Notably, however, the much slimmer Democratic nominee has made fun of his foe’s physical looks.

“Thank God I am in good health,” Mr Biden told CNN, before taking a shot at his opponent:“Just look at us. … Who seems to be in shape? Who seems to be able to move around.”

Trump bump?

The president was back in Pennsylvania for the eighth time this year and fourth time this month, including the second time in a week after last Tuesday's ABC town hall in Philadelphia saw him field some tough questions from undecided voters.

Political pollsters and strategists contacted by The Independent recently said the importance of the Keystone State cannot be minimised. That's because, as one Democratic pollster said, he already has penciled into the red column Florida and its 29 electoral votes. That means, experts said, Mr Biden must take Pennsylvania and its 20 Electoral College votes to have any path to the presidency.

Pollsters on both sides have warned against treating polls as gospel, a lesson from Mr Trump's stunning 2016 win over former Secretary of State Hillary Clinton, who was up by statistically significant margins nationally and in each battleground state. Still, the polls in Pennsylvania for months had been relatively steady since even before Mr Biden secured the Democratic nomination, showing the former vice president with a healthy lead there.

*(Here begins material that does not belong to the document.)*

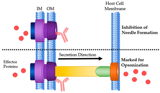 Effector proteins that are only present within the host cell become available upon cell lysis [25]. Abs targeting these effectors will not be able to prevent T3SS formation or secretion but will add to the host immune response [132,133]. Some infected host cells will also participate in antigen presentation. This is the process of breaking up non-native proteins, such as T3SS effectors, and displaying the fragments on the host membrane surface so that Abs can access them [25]. Although not as immunoprotective as T3SS inhibitory Abs, adjuvating Abs can be important to increase natural host immune response. Their use is common in combination with inhibitory Abs or as diagnostics.

Mr Biden led in the commonwealth by a comfortable 8.5 percentage points on July 24, according to RealClearPolitics' average of several voter surveys. That was tabulated in the thick of the president's turbulent summer during which his attorney general, William Barr, ordered federal police to use pepper balls and tear gas on US citizens so Mr Trump could hold a brief photo opportunity at a church near the White House during protests over racial inequality and police brutality. Mr Trump also was struggling to combat the coronavirus, but was in the midst of recalibrating his message to one calling on states to open and sports leagues to begin playing.

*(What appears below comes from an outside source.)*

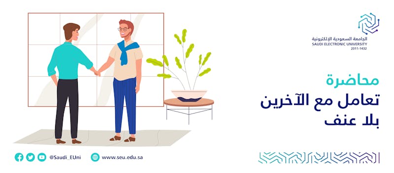 يسر الجامعة السعودية الإلكترونية دعوتكم لحضور محاضرة بعنوان: تعامل مع الآخرين بلا عنف
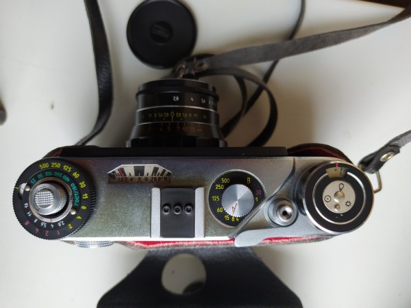 Комплект на фото. В рабочем состоянии. Со слов хозяина, ни одной пленки не отснял. Выдержки отрабатывает. Экспонометр работает. Резкость по жёлтому пятну не наводится, возможно заводской брак. Если на него снимать - нужна юстировка.

Two months later, apparently buoyed by his new "law-and-order" message, Mr Trump has cut into Mr Biden's lead and now is within the margins of errors of most polls, trailing by just 3.9 percent, according to RealClear.

The president seemed in high spirits in the Steel City, when he hit the stage at yet another airport hangar rally. That news came from a source that shows politics still creates strange bedfellows: Utah Republican Senator Mitt Romney. The former GOP presidential nominee announced he will not oppose Senate Majority Leader Mitch McConnell and Judiciary Committee Chairman Lindsey Graham fast-tracking Mr Trump's coming Supreme Court nominee, even though it comes with just months left in the president's term. The fracas has Democrats in both chambers weighing all kinds of options, including another impeachment process to stall the Senate agenda and the nomination.

"These are procedures and decisions that are largely up to House Democratic leadership," Ms Ocasio-Cortez said Sunday. "But I believe that also we must consider, again, all of the tools available in our disposal and that all of these options should be entertained and on the table."

Two days later, Mr Trump roared “get out and vote” to his loyalists in western Pennsylvania before delivering a new line about Mr Biden: “My opponent is against oil, guns and god.” The crowd roared.